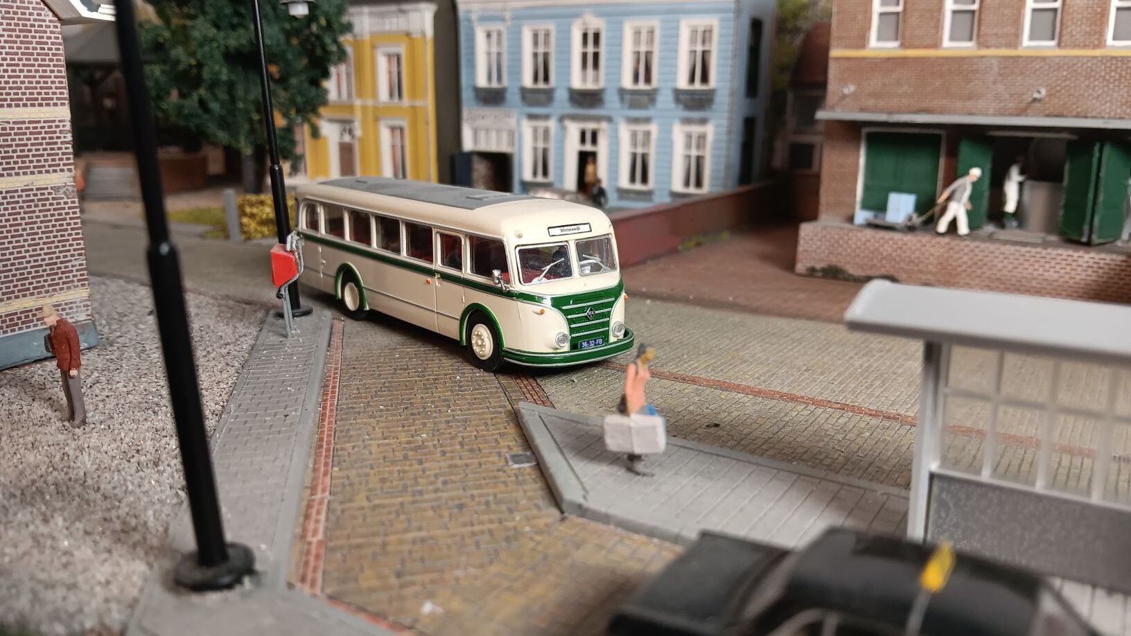 De IFA bus staat op NL kenteken en is onderweg naar Winterswijk. Ik vind het moeilijk om een bus te vinden uit deze periode die in NL heeft gereden. De kleurstelling van deze bus benadert een beetje die van de gelderse tramwegen. Maar het blijft een compromis. Tips hierover zijn welkom.
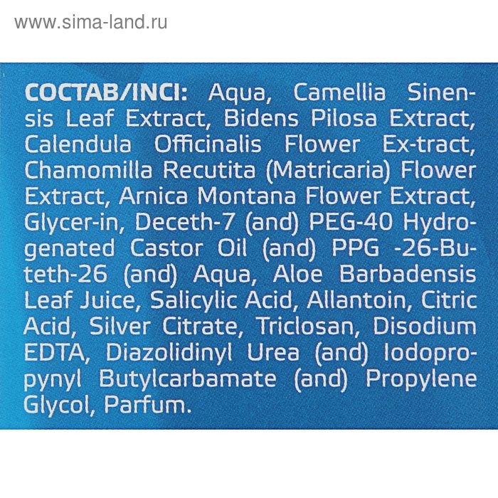 Состав: комплекс экстрактов зелёного чая, череды, календулы, ромашки, арники, гидрогенизированное касторовое масло, гель алоэ вера, салициловая кислота, аллантоин, лимонная кислота, цитрат серебра, триклозан.
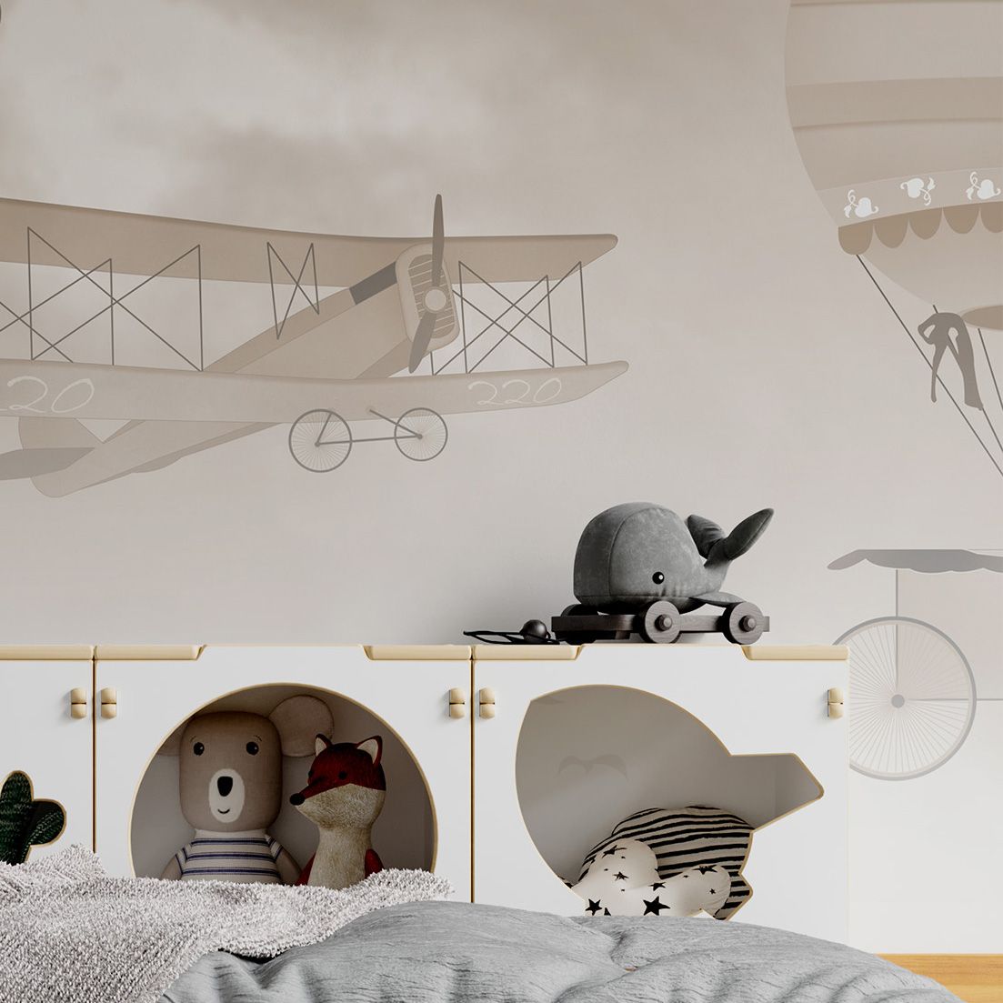 This vintage-inspired wallpaper features whimsical hot air balloons and vintage airplanes, perfect for creating a charming atmosphere in any room. This wall paper transforms your space into a dreamy sky scene complete with soft clouds and soaring birds.
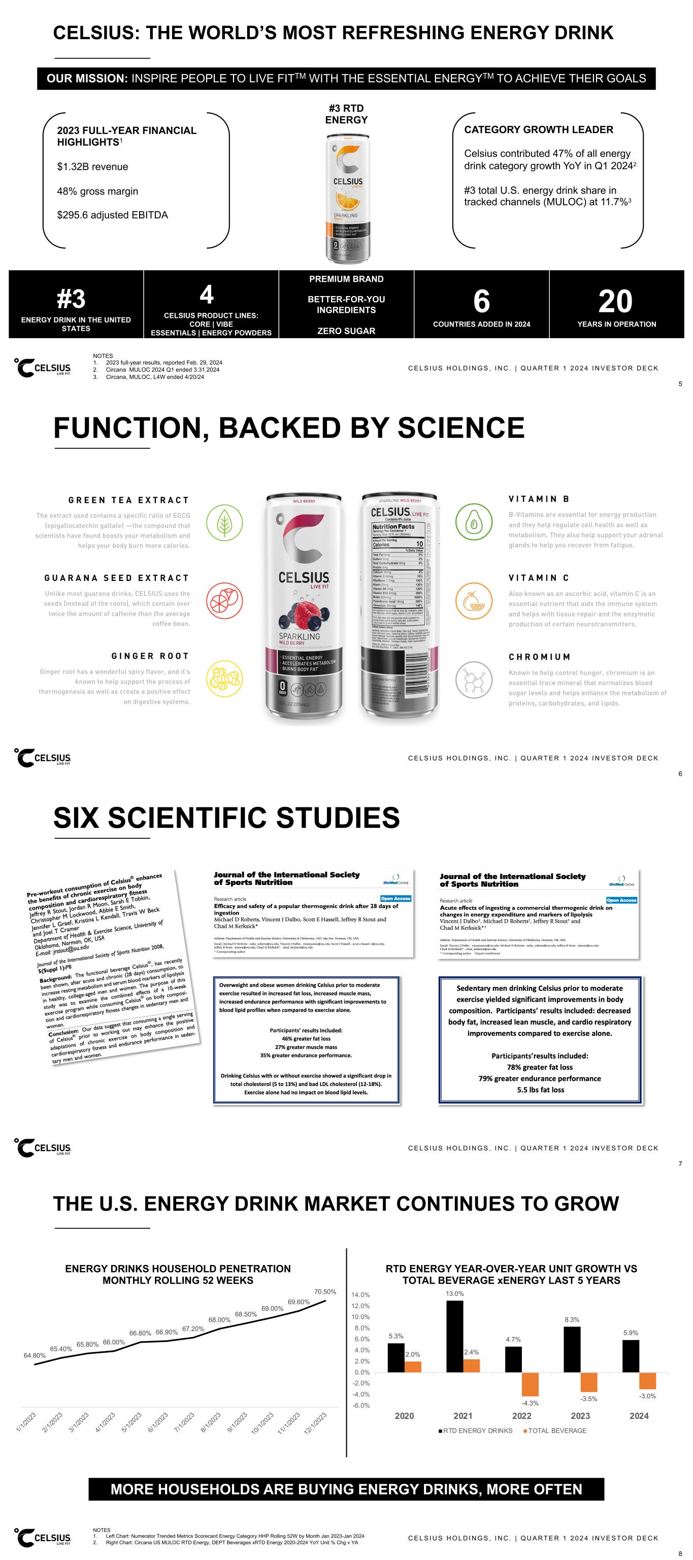 C E L S I US H O L D I N G S,I N C. | Q U A R T E R 12024 I N V E S T O R D E C K CELSIUS:世界上最令人耳目一新的能量饮料我们的使命:激励人们与基本的能量TM一起生活以实现他们的目标# 3美国的能量饮料4 CELSIUS产品线:核心| VIBE Essentials | Energy Powers PREMIUM品牌BETTER-FOR-You成分零糖6国2023年全年业绩,2024年2月29日报告2。Circana MULOC2024 Q1结束3.3 1.20243。Circana、MULOC、L4W结束4/20/24 # 3 RTD ENERGY 2023全年财务亮点1 $ 1.32B收入48%毛利率295.6美元调整后EBITDA类别增长领导者Celsius贡献了所有能量饮料类别同比增长的47% 20242 # 3美国能量饮料在已跟踪渠道(MULOC)的总份额为11.7% 35 C E L S I US H O L D I N G S,I N C. | Q U A R T E R 12024 I N V E S T O R D E C K函数,以科学为后盾6 C E L S I US H O L D I N G S,I N C. | Q U A R T E R 12024 I N V E S T O R D E C K六项科学研究7 C E L S I US H O L D I N G S,i n c. | q u a r t t t t t t t t t t t t t t t t t t t t t t t t t t t t t t t t t t t t t t t t t t t t t t t t t t t t t t t t t t t t t t t t t t t t t t t t t t t t t t t t t t t t t t t t t t t t t t t t t t t t t t t t t t t t t t t t t t t t t t t t t t t t t t t t t t t t t t t t t t t t t t t t t t t t t t t t t t t t t t t t t t t t t t t t t t t t t t t t t t t t t t t t t t t5.9% 2.0% 2.4%-4.3 %-3.5 %-3.0 %-6.0 %-4.0 %-2.0 % 0.0% 2.0% 4.0% 6.0% 8.0% 10.0% 12.0% 14.0% 20202021202220232024 RTD能源同比单位增长VS总饮料能源最近5年RTD能源饮料总饮料更多的家庭在购买能源饮料,更经常注意1。左图:分子趋势指标记分卡能源类别HHP按月滚动52W 2023年1月至2024年1月2。右图:Circana US MULOC RTD Energy、DEPT Beverages XRTD Energy 2020-2024 YoY单位% CHG v YA8
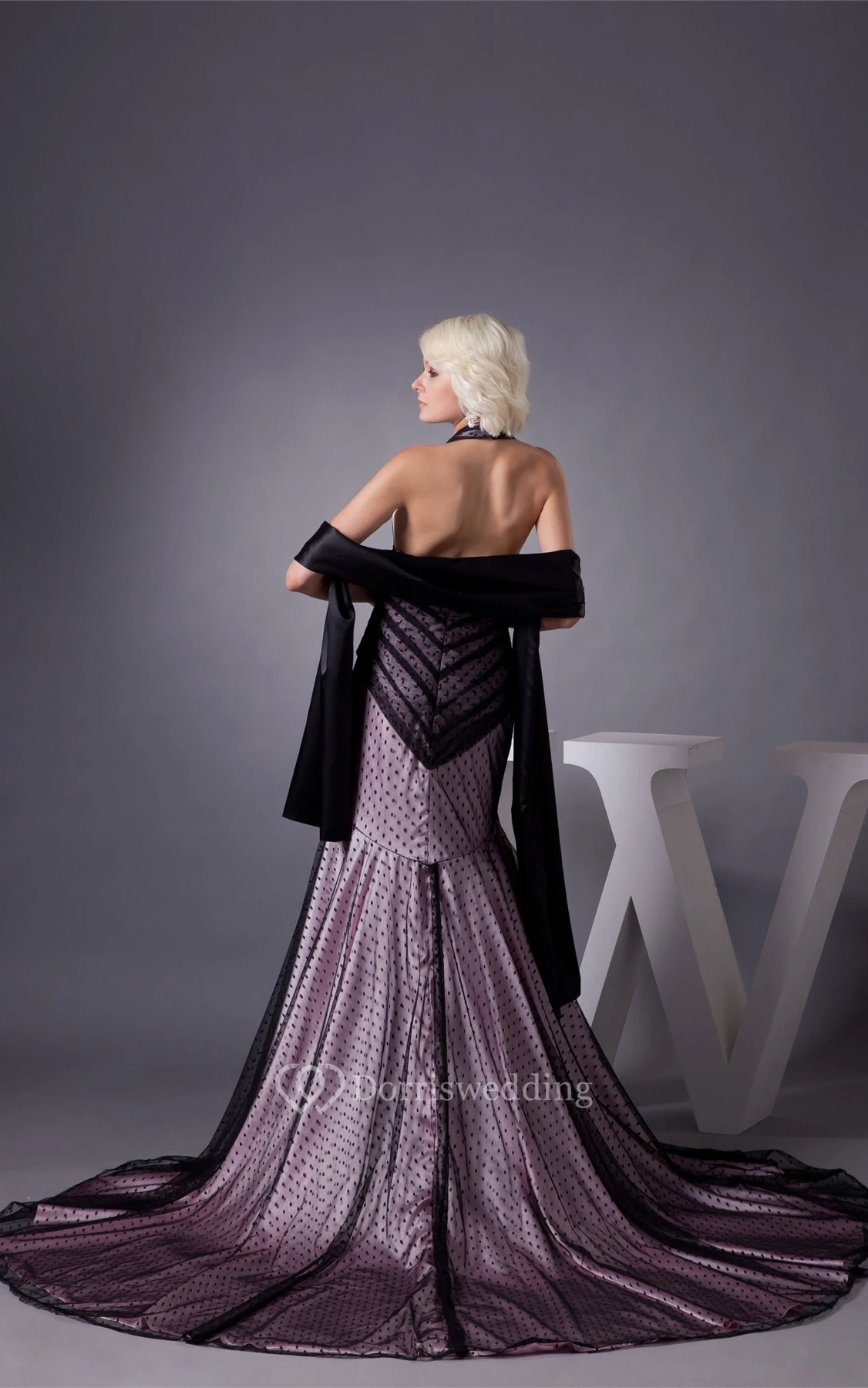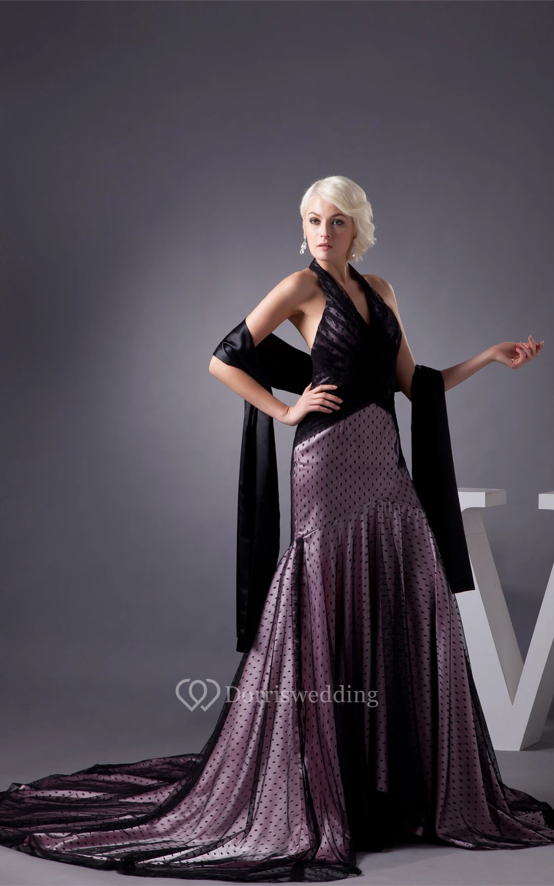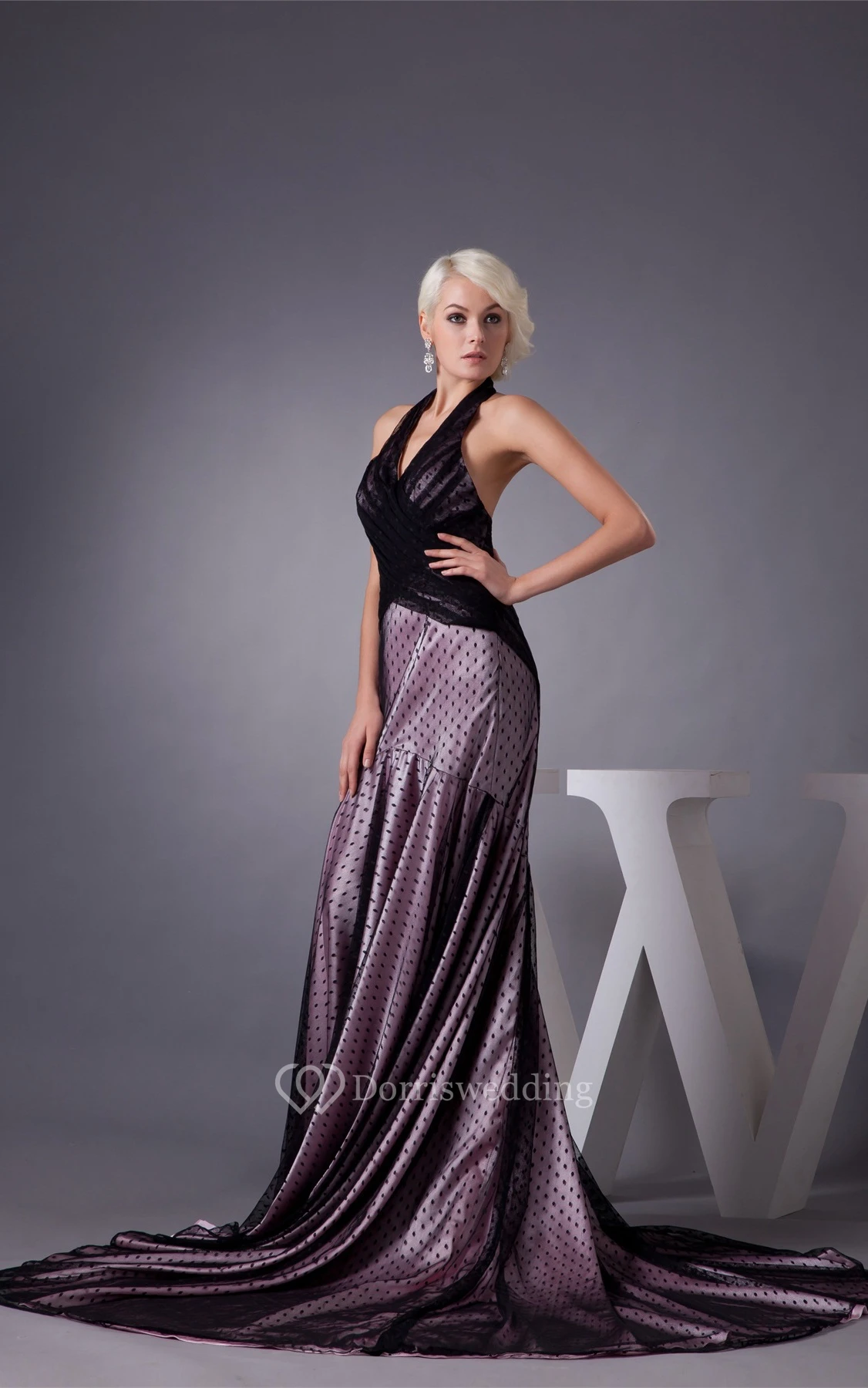Sleeveless Pleated Mermaid Dotted Design and Dress With Halter

[Task to complete] Excluding every picture, set down the listing exactly.

[Answer section]
 De IFA bus staat op NL kenteken en is onderweg naar Winterswijk. Ik vind het moeilijk om een bus te vinden uit deze periode die in NL heeft gereden. De kleurstelling van deze bus benadert een beetje die van de gelderse tramwegen. Maar het blijft een compromis. Tips hierover zijn welkom.
 Состав: комплекс экстрактов зелёного чая, череды, календулы, ромашки, арники, гидрогенизированное касторовое масло, гель алоэ вера, салициловая кислота, аллантоин, лимонная кислота, цитрат серебра, триклозан.
 This vintage-inspired wallpaper features whimsical hot air balloons and vintage airplanes, perfect for creating a charming atmosphere in any room. This wall paper transforms your space into a dreamy sky scene complete with soft clouds and soaring birds.
 C E L S I US H O L D I N G S,I N C. | Q U A R T E R 12024 I N V E S T O R D E C K CELSIUS:世界上最令人耳目一新的能量饮料我们的使命:激励人们与基本的能量TM一起生活以实现他们的目标# 3美国的能量饮料4 CELSIUS产品线:核心| VIBE Essentials | Energy Powers PREMIUM品牌BETTER-FOR-You成分零糖6国2023年全年业绩,2024年2月29日报告2。Circana MULOC2024 Q1结束3.3 1.20243。Circana、MULOC、L4W结束4/20/24 # 3 RTD ENERGY 2023全年财务亮点1 $ 1.32B收入48%毛利率295.6美元调整后EBITDA类别增长领导者Celsius贡献了所有能量饮料类别同比增长的47% 20242 # 3美国能量饮料在已跟踪渠道(MULOC)的总份额为11.7% 35 C E L S I US H O L D I N G S,I N C. | Q U A R T E R 12024 I N V E S T O R D E C K函数,以科学为后盾6 C E L S I US H O L D I N G S,I N C. | Q U A R T E R 12024 I N V E S T O R D E C K六项科学研究7 C E L S I US H O L D I N G S,i n c. | q u a r t t t t t t t t t t t t t t t t t t t t t t t t t t t t t t t t t t t t t t t t t t t t t t t t t t t t t t t t t t t t t t t t t t t t t t t t t t t t t t t t t t t t t t t t t t t t t t t t t t t t t t t t t t t t t t t t t t t t t t t t t t t t t t t t t t t t t t t t t t t t t t t t t t t t t t t t t t t t t t t t t t t t t t t t t t t t t t t t t t t t t t t t t t t5.9% 2.0% 2.4%-4.3 %-3.5 %-3.0 %-6.0 %-4.0 %-2.0 % 0.0% 2.0% 4.0% 6.0% 8.0% 10.0% 12.0% 14.0% 20202021202220232024 RTD能源同比单位增长VS总饮料能源最近5年RTD能源饮料总饮料更多的家庭在购买能源饮料,更经常注意1。左图:分子趋势指标记分卡能源类别HHP按月滚动52W 2023年1月至2024年1月2。右图:Circana US MULOC RTD Energy、DEPT Beverages XRTD Energy 2020-2024 YoY单位% CHG v YA8
Sleeveless Pleated Mermaid Dotted Design and Dress With Halter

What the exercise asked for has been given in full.